Así pues, cuando esperamos encontrar en Eugenio, su padre, el principal apoyo y brújula con la que Celia pueda guiarse en un mundo lleno de injusticias y dolor, lo que encontramos en él es una actitud poco clara, confusa que roza el sentimiento pasivo agresivo hacia su protegida. El lector se lleva la impresión de que el padre apenas se preocupa por su hija, y nunca más que de sí mismo, que antes de defenderla y apoyarla cuando más lo necesita prefiere escurrir el bulto con sentencias tipo "No digas tonterías", "son imaginaciones tuyas" o "¿No ves que estoy ocupado pensando en como beneficiarme a la vecina?". Una relación que no ayuda a imaginarle enfrentándose al mismísimo diablo para curar el catarro de su protegida, sino más bien conduciendo con cara de hastío gruñendo para sus adentros cosas como " Y ahora la niña se me pone mala y me toca conducir hasta la farmacia que queda a tomar por culo, ¿Por qué no usaría condón?"

¿Es esto intencionado?, ¿Sirve esta actitud para hacer del mundo de Celia un lugar más sombrío para acrecentar esa necesidad de un escape, de alguien que la entienda?. Pues ese es el problema que no queda claro, que avanzamos en la historia sumergidos en una confusión alimentada por actitudes contradictorias, donde la reacción y la acción no siempre casan como debería. Y para colmo los diálogos tampoco es que ayuden demasiado a aclarar esas actitudes poco claras. Aquí todos los personajes son parcos en palabras, le cuesta unir dos frases seguidas y prefieren que sea el narrador el que haga buena parte del trabajo por medio de suposiciones y toneladas de adjetivos.

Todo este conjunto, no de fallos (ya que yo nunca atribuiría la culpa de que algo no me guste o me resulte chocante negativamente al autor del libro, sino a mis gustos personales), sino más bien de peculiares características que no conectan conmigo hacen que un lector acostumbrado a este tipo de historias vea a EL QUINTO PUNTO CARDINAL como decíamos antes, previsible, ademas de prescindible, carente de sorpresa y dotada de un estilo tan irregular como un camino con baches e igual de inseguro, que da prioridad a la belleza de las composiciones con cucharones extras de descripciones y explicaciones que nadie precisa, en lugar de acrecentar y autentificar las emociones que pretende reflejar y para el que el uso de la figura de Celia sería imprescindible.
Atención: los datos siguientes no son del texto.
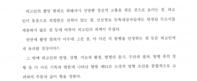 저는 피고인이 촬영을 한 사실이 없고, 미수에 그쳤다는 점, 수사기관에서 언급한 추가 카메라촬영죄에 대해서는 위법수집증거를 주장하였고, 그 점에 받아들여서 피고인의 카메라촬영 미수에 대해서만 기소가 되었습니다. 이 부분에 대해서는 범행을 모두 시인하고 피해자와의 합의를 시도하였으나 피해자가 합의를 완강히 거부하였습니다. 피해자에 대해서 형사공탁을 하는 등 나름의 노력을 보였지만 재판부는 형사공탁에 대한 효과를 부여하지는 않았습니다.

En definitiva, estamos ante una obra que producirá inquietud mas que miedo al lector menos acostumbrado a este tipo de historias, quien puede que disfrute de una historia que da un punto de vista más complejo del que se nos tiene acostumbrados al mito del amigo invisible. Los demás... bueno, lo que nos centramos en el trasfondo de los personajes, sus relaciones, buscando una conexión o un pequeño punto de empatía o comprensión puede que lo único que encontremos sean unos protagonistas que llegan a resultar cargantes, confusos y de una lógica un tanto reprochable.

Buenas intenciones si, pero no siempre basta con eso.